The development of gas field achieves the gas trade, which is the complex, placed in the large territory economy. On the gas trade average to the scale there are tens of bore holes, which are located on the territory, calculated by hundred km². Osn of those -nologic. of the task of gas trade - guarantee of the planned mode of operation of bore holes, the collection of gas on the bore holes, its calculation and preparation for the transport (isolation from the gas of solid and liquid admixtures, condensate of heavy hydrocarbons, the drainage of gas and cleaning from hydrogen sulfide, whose the content there must not exceed 2 g on 100 m³).

The method of the isolation of condensate depends on the temperature, the pressure, the composition of gas and on that, is processed gas of purely gas field or gas-condensate. The natural gas entering from the deposit always contains a some quantity of water; being connected with the hydrocarbons, it forms snow-visible substance - hydrates of the hydrocarbons (see hydrate formation). Hydrates complicate output and transport of gas.

Before transporting g. p. g. to the places of consumption, them they subject to the processing, which has as a goal removal from g. p. g. of mech. admixtures, harmful components (№e), heavy hydrocarbon gases (propane, butane, etc.) and water it is steam. For the removal of mech. admixtures the separators of different construction adapt. The removal of moisture from the gases is accomplished by a low-temperature separation, i.e. by the condensation of water it is steam at low temperatures (to -30 °S), which are developed in the separators as a result of throttling of gas (decrease in pressure of gas 2-4 times), or by the absorption of water it is steam by solid (see adsorption) or liquid (see absorption) substances. By the same methods are separated from the gases heavy hydrocarbon gases with obtaining of damp gasoline washed out from hydrocarbon gases, which then is divided (see rectification) to the stable gasoline washed out from hydrocarbon gases and the commodity light hydrocarbons (tech. propane, tech. butane, propane-butane mixture and other fractions). If necessary from g. p. g. are moved away harmful substances, mainly hydrogen sulfide. For the removal of sulfur from the gases a number of the solid and liquid substances, which connect sulfur, is used. Gas after working on the trade under the pressure 4,5-5,5 Mn/m² (45-55 kgof s/sm²) will be given on the collector for the drainage to the trade gazosbornyy point or to the headwork of main gas pipe. G. p. g. of purely gas fields usually undergo only drainage and cleaning from the solid admixtures.

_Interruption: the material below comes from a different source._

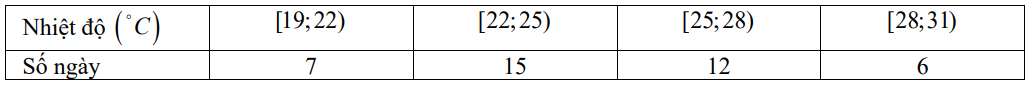 Cho mẫu số liệu ghép nhóm về thống kê nhiệt độ tại một địa điểm trong 40 ngày, ta có bảng số liệu sau:
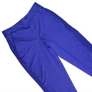 Elevate your activewear with these Athleta Brooklyn pants, featuring a noble blue color and tapered leg style. These pants are perfect for a variety of occasions, including travel, casual wear, work, and even athleisure. The pull-on closure and mid-rise fit make them comfortable and easy to wear.

Passage to the complex design of the development of gas fields, the intensification of the inflow of gas to the bore holes, the automation of installations on the gas trades made it possible to considerably increase the working debits of bore holes, to improve the preparation of gas for the transport and to reduce the prime cost of natural gas.

E. V. levykin.

Lit.: The gas fields OF THE USSR. Reference book, 2 publ., M., 1968; Yeremenko N. A., geology of oil and gas, M., 1968; Smirnov A. S., Shchirkovskiy a. i., output and the transport of gas. M., 1957; Korotaev Yu. p., Polyanskiy a. p., the operation of the gas wells, 2 publ., M., 1961; Shmyglya p. T., the development of gas and gas-condensate layers (theory and practice), of M., 1967; Bases catching M. n., Zhukov a. i., Alekseyev T. S., the preparation of natural gas and condensate for the transport, M., 1968; Development of gas field by the system of the unevenly located bore holes, M., 1968; Whistles s. f., processing the hydrocarbons of natural and casing-head gases, M., 1960.